DIRECTIONS>
Leaving out the pictures, output the lines from the one that contains "ADRIÁN BARILARI, conocido" through the end of the material, exactly as they stand.
··········
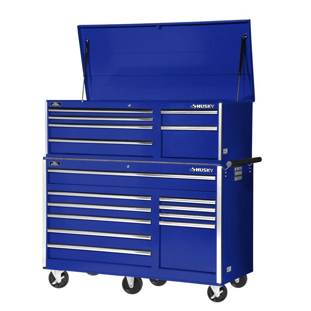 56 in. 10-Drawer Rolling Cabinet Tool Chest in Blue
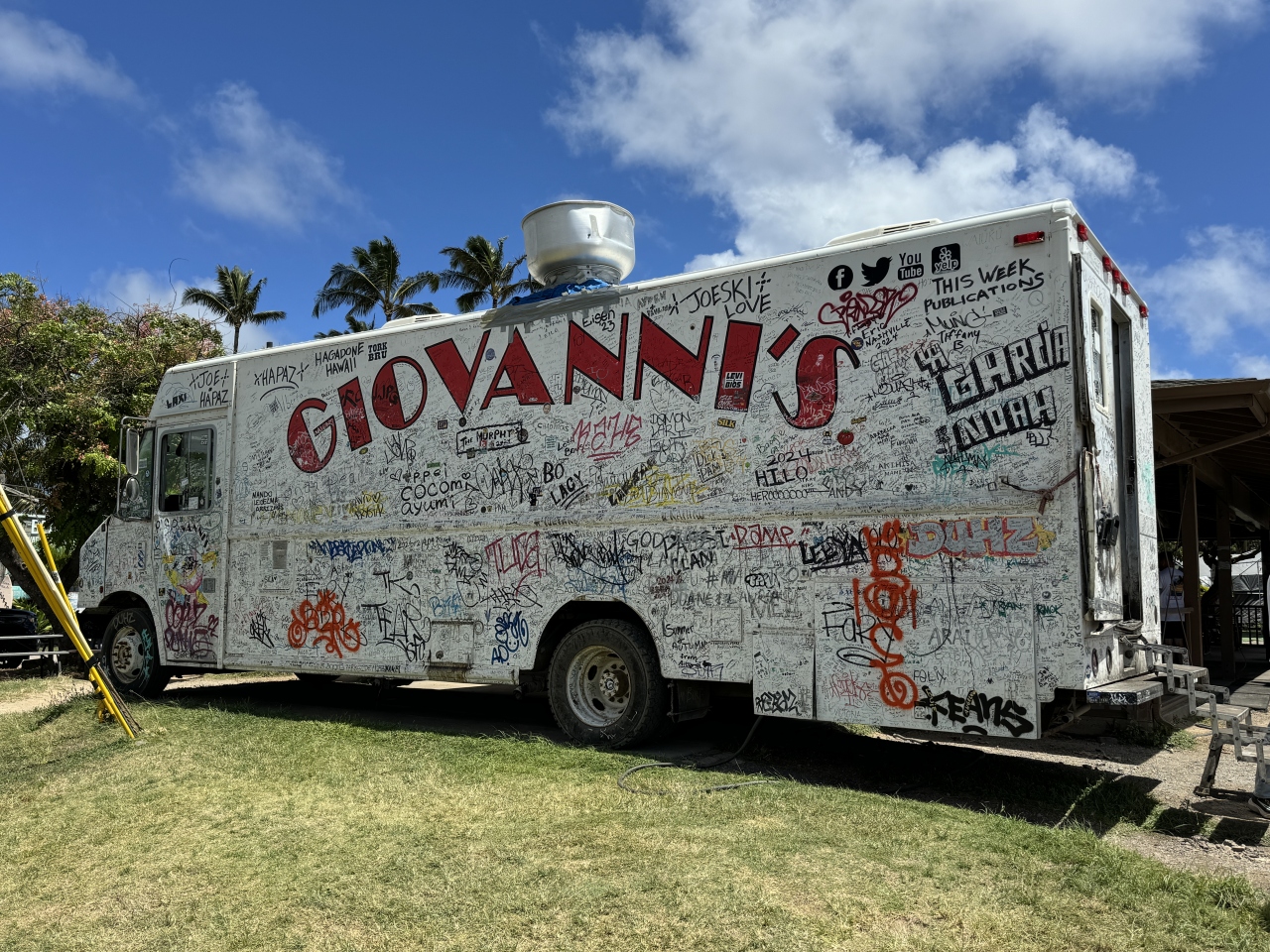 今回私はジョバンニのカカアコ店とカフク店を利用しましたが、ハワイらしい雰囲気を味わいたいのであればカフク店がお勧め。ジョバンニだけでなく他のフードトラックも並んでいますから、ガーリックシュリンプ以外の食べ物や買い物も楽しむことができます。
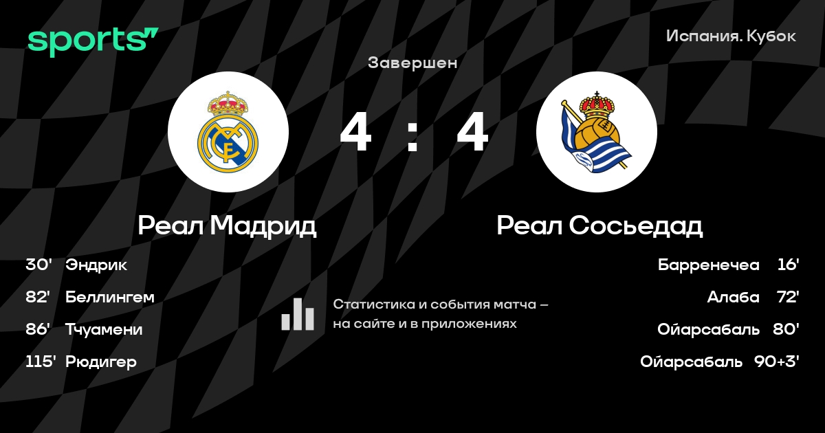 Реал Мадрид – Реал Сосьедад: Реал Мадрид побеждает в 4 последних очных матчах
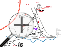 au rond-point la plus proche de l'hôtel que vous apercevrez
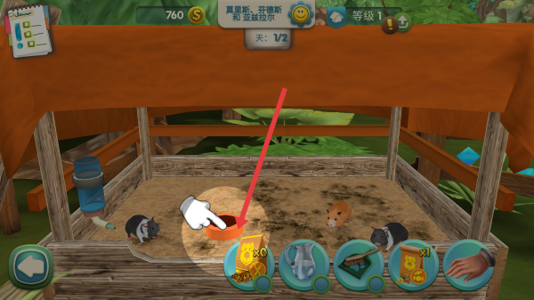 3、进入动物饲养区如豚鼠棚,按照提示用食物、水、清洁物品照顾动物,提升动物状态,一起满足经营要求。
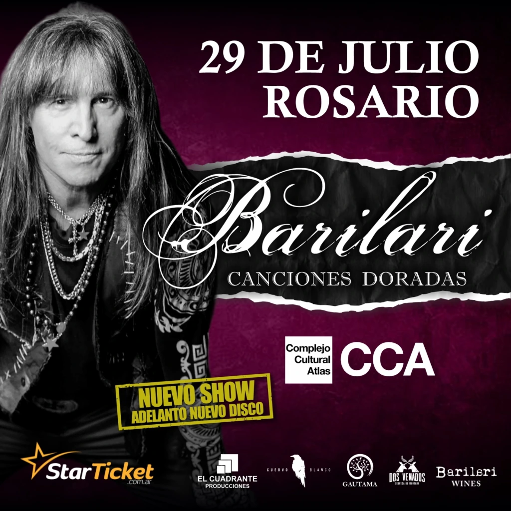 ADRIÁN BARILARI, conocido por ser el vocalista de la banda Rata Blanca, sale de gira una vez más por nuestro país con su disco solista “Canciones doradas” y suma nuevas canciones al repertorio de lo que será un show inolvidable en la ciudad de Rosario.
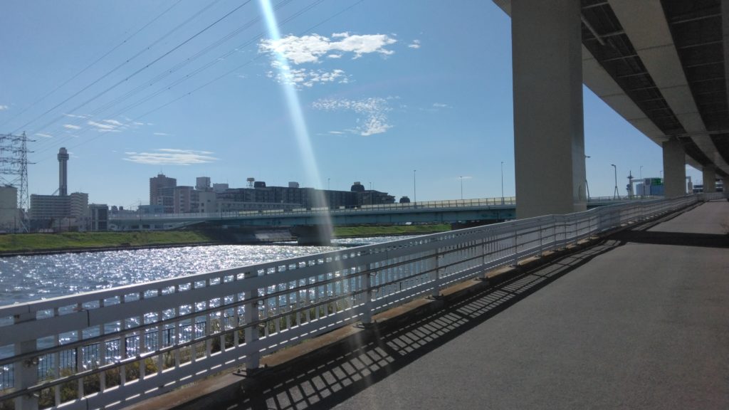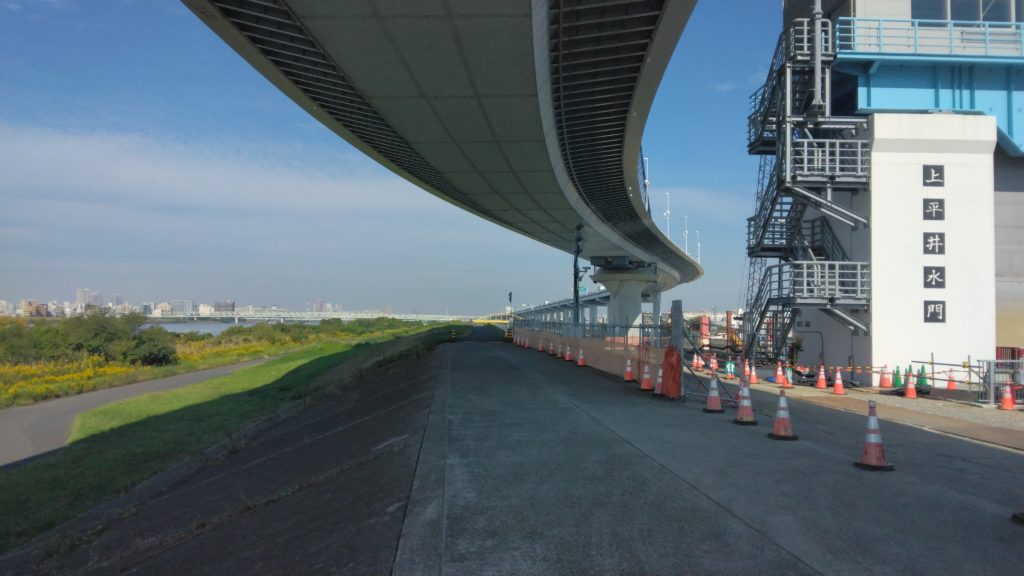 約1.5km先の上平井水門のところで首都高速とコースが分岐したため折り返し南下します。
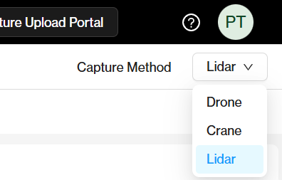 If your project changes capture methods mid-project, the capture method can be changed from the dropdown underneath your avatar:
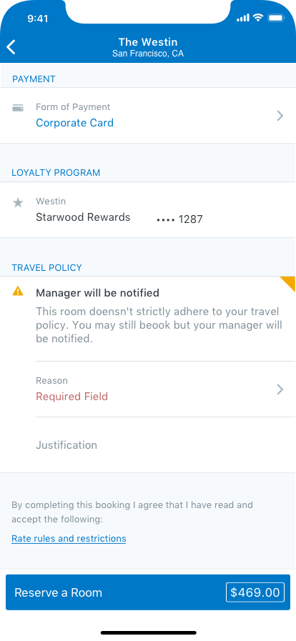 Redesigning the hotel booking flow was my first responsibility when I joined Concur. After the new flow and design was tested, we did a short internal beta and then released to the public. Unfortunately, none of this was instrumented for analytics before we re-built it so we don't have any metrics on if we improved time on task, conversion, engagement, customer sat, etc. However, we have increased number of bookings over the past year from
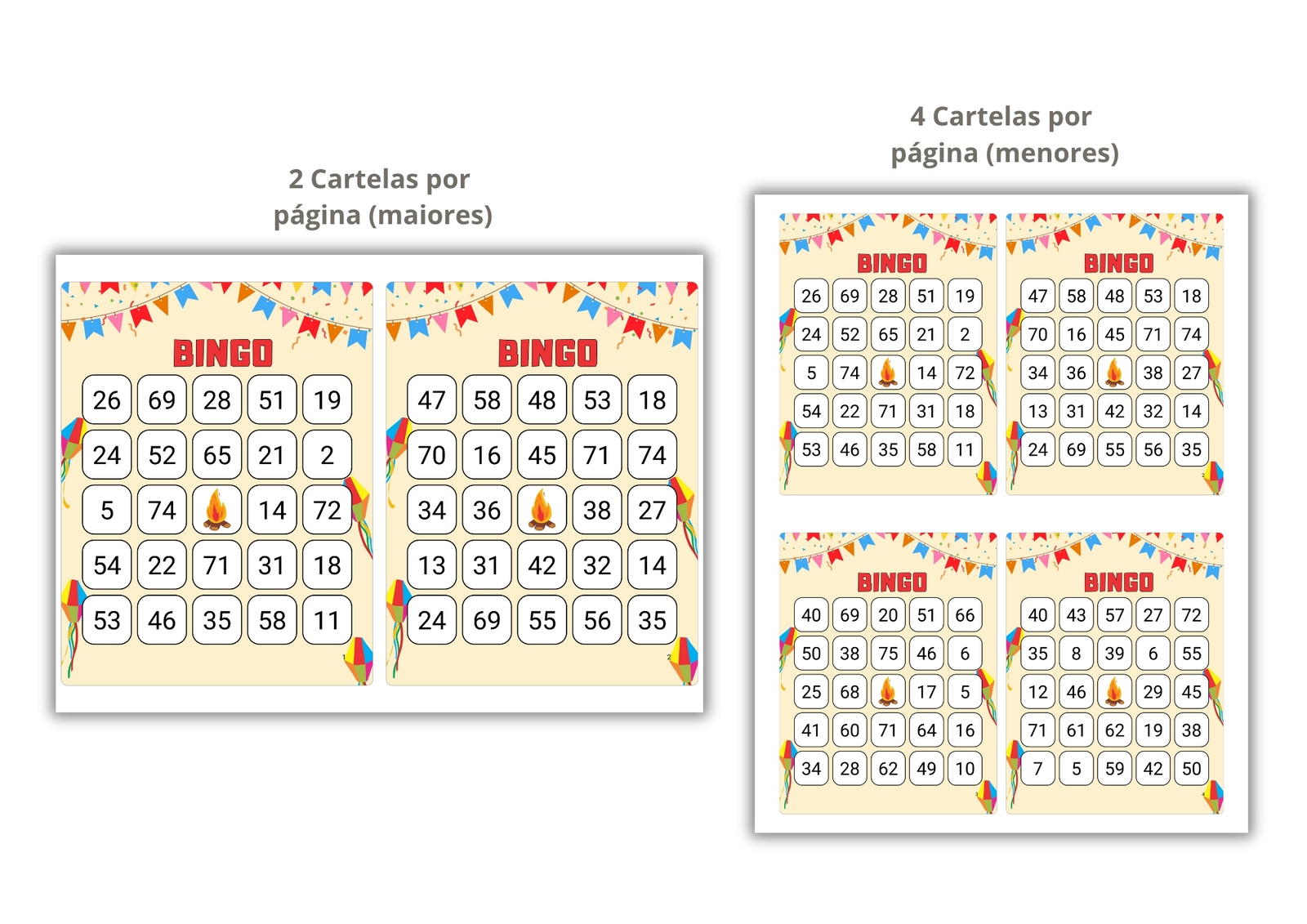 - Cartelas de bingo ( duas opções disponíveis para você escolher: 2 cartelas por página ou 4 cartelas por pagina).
··········
RESPONSE TO THE TASK>
 ADRIÁN BARILARI, conocido por ser el vocalista de la banda Rata Blanca, sale de gira una vez más por nuestro país con su disco solista “Canciones doradas” y suma nuevas canciones al repertorio de lo que será un show inolvidable en la ciudad de Rosario.
 約1.5km先の上平井水門のところで首都高速とコースが分岐したため折り返し南下します。
 If your project changes capture methods mid-project, the capture method can be changed from the dropdown underneath your avatar:
 Redesigning the hotel booking flow was my first responsibility when I joined Concur. After the new flow and design was tested, we did a short internal beta and then released to the public. Unfortunately, none of this was instrumented for analytics before we re-built it so we don't have any metrics on if we improved time on task, conversion, engagement, customer sat, etc. However, we have increased number of bookings over the past year from
 - Cartelas de bingo ( duas opções disponíveis para você escolher: 2 cartelas por página ou 4 cartelas por pagina).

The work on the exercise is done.